BRIEF DESCRIPTION OF THE DRAWINGS
These and other aspects of the invention will be apparent from and
elucidated further with reference to the embodiments described in the
following figure description, in which
FIG. 1 shows an embodiment of the hand held dictation device,
FIG. 2 shows an embodiment of the memory card for use in the hand held
dictation device,
FIG. 3 shows the circuit diagram in the hand held dictation device,
FIG. 4 shows the sequence of signal blocks generated by the processor in
the hand held dictation device, and
FIG. 5 shows an embodiment of a transcription apparatus, either in table
top, or in PC form.
DETAILED DESCRIPTION OF THE INVENTION
FIG. 1 shows a front view of a handheld dictation device 1 provided with an
on/off switch 2 located on the side of the housing of the device. At the
bottom of the housing a battery compartment 3 (not shown) is provided that
can be reached at the back of the housing. A sliding switch 4 is provided
on the front face of the housing for switching the device in the various
dictation modes. The device is provided with a number of buttons: button 5
is the record button, button 6 is the LETTER button, button 7 is the MODE
button, button 8 is the INSERT button and button 9 is the DELETE button.
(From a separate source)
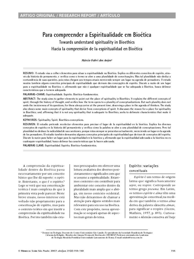 A compreenso da espiritualidade dentro da Biotica passa necessariamente por um conceito bsico que lhe d suporte: o esprito. Entretanto, o que o esprito? Logo se ver que sua conceituao terica mais complexa do que primeira vista pode parecer. Neste breve ensaio, nosso interesse est voltado no propriamente para a conceituao de esprito, mas para o contexto terico em que inserir a compreenso da espiritualidade na Biotica. Por isto tambm no esta-

The switch 10 is the recording mode switch. The switch 11 is the
sensitivity switch. The device 1 is further provided with a LCD display
for displaying various information regarding a dictation, such as the
recording time of the dictation, the recording time left, the recording
mode, the number of dictations, etc.
A microphone 13 and a loudspeaker 18 are provided in the housing and a
volume control knob 14 is provided on the side of the housing. Further, a
slot 16 is provided in the top face of the device for receiving a memory
card 15.
The memory card 15 is also shown in FIG. 2. The memory card 15 is provided
with a solid state memory 20 and with electrical terminals 22 connected to
the solid state memory 20. The solid state memory 20 can eg. be an EEPROM
or a flash erasable memory. The electrical terminals 22 can be such that
they enable an electrical cooperation with the internationally
standardized PCMCIA interface of a PC.
FIG. 3 shows the electrical construction of the device 1 and its
cooperation with the memory card 15. The device 1 comprises a digital
signal processor 30, having a digital input/output 32 coupled to terminals
34 that are electrically coupled to the terminals 22 of the memory card
15, when positioned in the slot 16. The microphone 13 is coupled to an
analog input 36 of the processor 30, if required via an amplifier 38. The
processor 30 further comprises an analog output 40 which is coupled to the
loudspeaker 18 via an amplifier 42. The various knobs and buttons, denoted
in FIG. 3 by the reference numeral 44 are coupled to control inputs 46 of
the processor 30. Further, a control output 48 of the processor 30 is
coupled to a display control unit 50 for controlling the display of
information on the display 12.
The user places the memory card 15 into the slot 16 of the device 1 until
the terminals 22 of the memory card 15 come into contact with electrical
terminals 34 provided in the slot of the device 1. The memory card is now
in electrical and mechanical contact with the device 1.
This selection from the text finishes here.